■ **Source material**
..............................

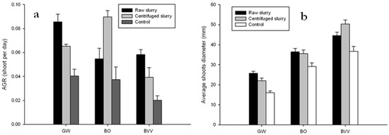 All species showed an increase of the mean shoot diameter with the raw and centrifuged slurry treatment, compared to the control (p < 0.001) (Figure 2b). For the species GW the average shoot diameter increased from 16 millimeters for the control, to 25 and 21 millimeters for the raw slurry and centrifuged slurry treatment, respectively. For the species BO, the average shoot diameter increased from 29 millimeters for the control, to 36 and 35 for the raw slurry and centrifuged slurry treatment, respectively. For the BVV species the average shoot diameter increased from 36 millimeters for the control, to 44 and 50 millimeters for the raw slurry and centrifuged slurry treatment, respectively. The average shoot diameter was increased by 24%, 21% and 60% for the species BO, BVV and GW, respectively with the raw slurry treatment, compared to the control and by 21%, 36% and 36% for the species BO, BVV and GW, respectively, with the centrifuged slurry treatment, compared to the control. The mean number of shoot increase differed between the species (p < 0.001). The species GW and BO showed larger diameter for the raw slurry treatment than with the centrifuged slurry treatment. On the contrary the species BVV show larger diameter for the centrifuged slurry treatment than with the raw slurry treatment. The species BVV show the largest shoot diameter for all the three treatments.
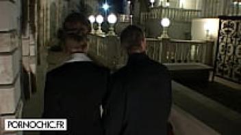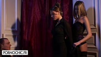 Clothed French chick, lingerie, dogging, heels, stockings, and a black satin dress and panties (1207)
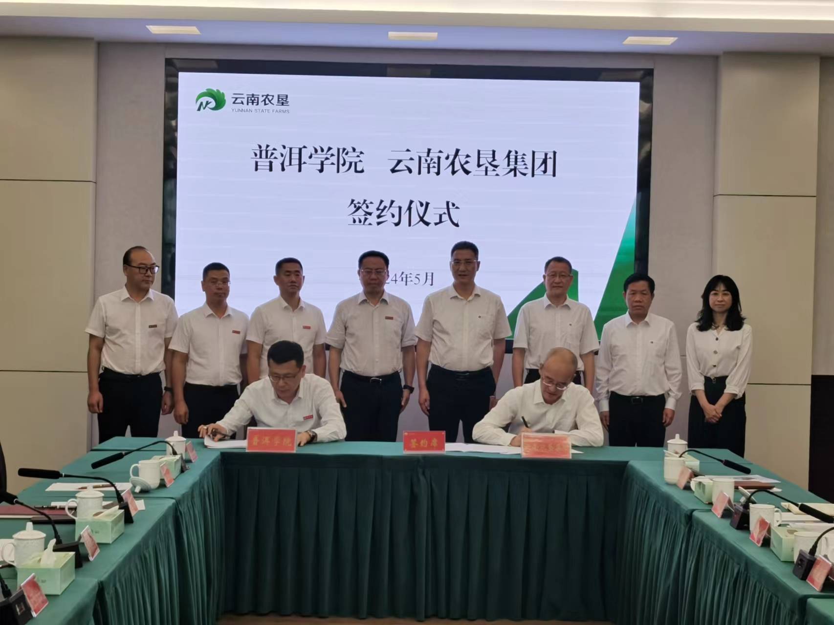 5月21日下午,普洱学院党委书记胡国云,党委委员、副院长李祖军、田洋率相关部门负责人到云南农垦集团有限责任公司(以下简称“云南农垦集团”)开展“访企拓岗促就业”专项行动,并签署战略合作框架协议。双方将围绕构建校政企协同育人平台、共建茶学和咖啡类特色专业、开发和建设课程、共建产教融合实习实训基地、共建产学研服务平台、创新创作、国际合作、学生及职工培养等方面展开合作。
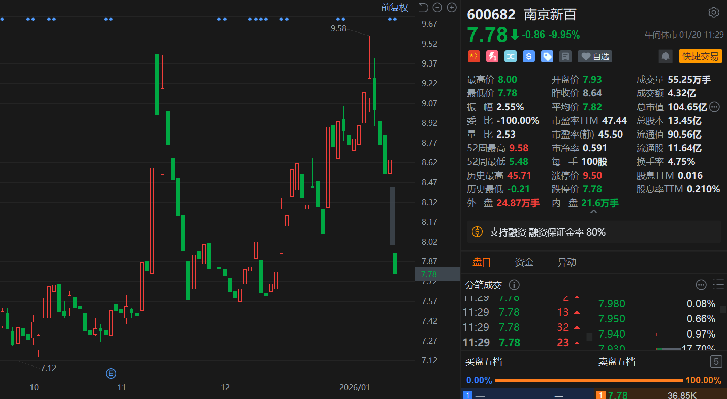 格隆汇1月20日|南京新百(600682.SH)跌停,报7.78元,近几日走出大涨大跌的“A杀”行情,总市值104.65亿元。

..............................

■ **How to complete this task**
Only the pictures are to be omitted; restate everything else above exactly.

■ **Result below**
 All species showed an increase of the mean shoot diameter with the raw and centrifuged slurry treatment, compared to the control (p < 0.001) (Figure 2b). For the species GW the average shoot diameter increased from 16 millimeters for the control, to 25 and 21 millimeters for the raw slurry and centrifuged slurry treatment, respectively. For the species BO, the average shoot diameter increased from 29 millimeters for the control, to 36 and 35 for the raw slurry and centrifuged slurry treatment, respectively. For the BVV species the average shoot diameter increased from 36 millimeters for the control, to 44 and 50 millimeters for the raw slurry and centrifuged slurry treatment, respectively. The average shoot diameter was increased by 24%, 21% and 60% for the species BO, BVV and GW, respectively with the raw slurry treatment, compared to the control and by 21%, 36% and 36% for the species BO, BVV and GW, respectively, with the centrifuged slurry treatment, compared to the control. The mean number of shoot increase differed between the species (p < 0.001). The species GW and BO showed larger diameter for the raw slurry treatment than with the centrifuged slurry treatment. On the contrary the species BVV show larger diameter for the centrifuged slurry treatment than with the raw slurry treatment. The species BVV show the largest shoot diameter for all the three treatments.
 Clothed French chick, lingerie, dogging, heels, stockings, and a black satin dress and panties (1207)
 5月21日下午,普洱学院党委书记胡国云,党委委员、副院长李祖军、田洋率相关部门负责人到云南农垦集团有限责任公司(以下简称“云南农垦集团”)开展“访企拓岗促就业”专项行动,并签署战略合作框架协议。双方将围绕构建校政企协同育人平台、共建茶学和咖啡类特色专业、开发和建设课程、共建产教融合实习实训基地、共建产学研服务平台、创新创作、国际合作、学生及职工培养等方面展开合作。
 格隆汇1月20日|南京新百(600682.SH)跌停,报7.78元,近几日走出大涨大跌的“A杀”行情,总市值104.65亿元。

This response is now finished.